Understanding both the engineering properties and the practical safety considerations of NdFeB magnets helps procurement teams, design engineers, and motor manufacturers select the right grade and shape for their application. The sections below walk through composition, grade comparisons, temperature performance, and real-world sourcing considerations for buyers evaluating a neodymium magnets manufacturer or rare earth magnets factory for custom production.
The magnetic field produced by neodymium magnets in typical consumer or industrial use is not considered harmful to human tissue. Reference safety material consistently notes that the magnetic field strength diminishes rapidly with distance, so normal use in devices such as headphones or magnetic closures does not pose significant health risks to people standing near or handling the finished product.

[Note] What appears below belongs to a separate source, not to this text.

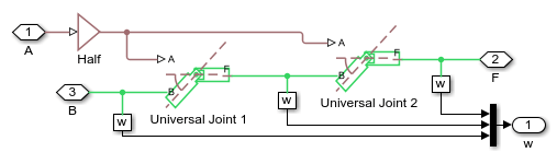 This example shows two methods to create a constant rotational velocity output using universal joints. In the first method, the angle of the universal joints is exactly opposite. The output shaft axis is parallel to the input shaft axis, but offset by some distance.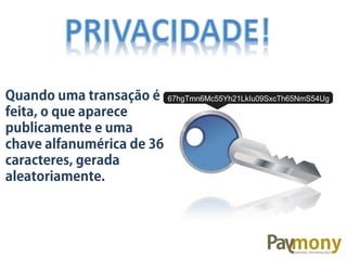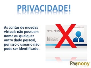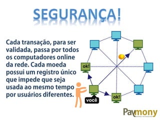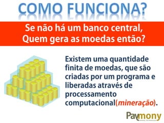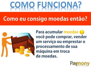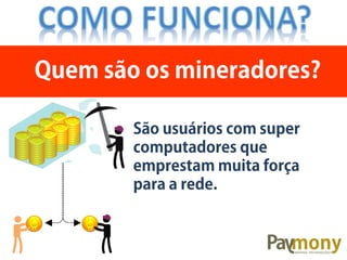 A desenvolveu três pacotesde produtos que atendem aos principais perfis de investidores, e são eles: MINING TECHNOLOGY PACOTE MINING (Mineração) Será instalado em seu computador um software para garimpar, e você passará a receber da Paymony um Computer Miner Rental, e mais o plano de remuneração, com limite do pagamento no bônus binário de US$ 5.000,00 diários. PACOTE VIRTUAL FARM (Fazendas virtuais) Além de receber pela mineração (Computer Miner Rental), você terá participação nos lucros gerados pelos mineiros e mais o plano de remuneração, com limite do pagamento no bônus binário de US$ 10.000,00 diários. PACOTE PAYCOIN Além dos ganhos acima, você terá participação nos lucros gerados pelas fazendas, e mais o plano de remuneração, com limite do pagamento no bônus binário de US$ 25.000,00 diários.

The primary documented hazards instead relate to physical handling and accidental ingestion. Safety guidance highlights that if two magnets or a magnet and a metal object come together forcefully, they can cause pinching injuries, and that small magnets are easily swallowed, posing a risk of intestinal blockage if multiple magnets are ingested together. This is why finished magnetic products intended for consumer goods are typically engineered into safe assemblies rather than left as loose small components.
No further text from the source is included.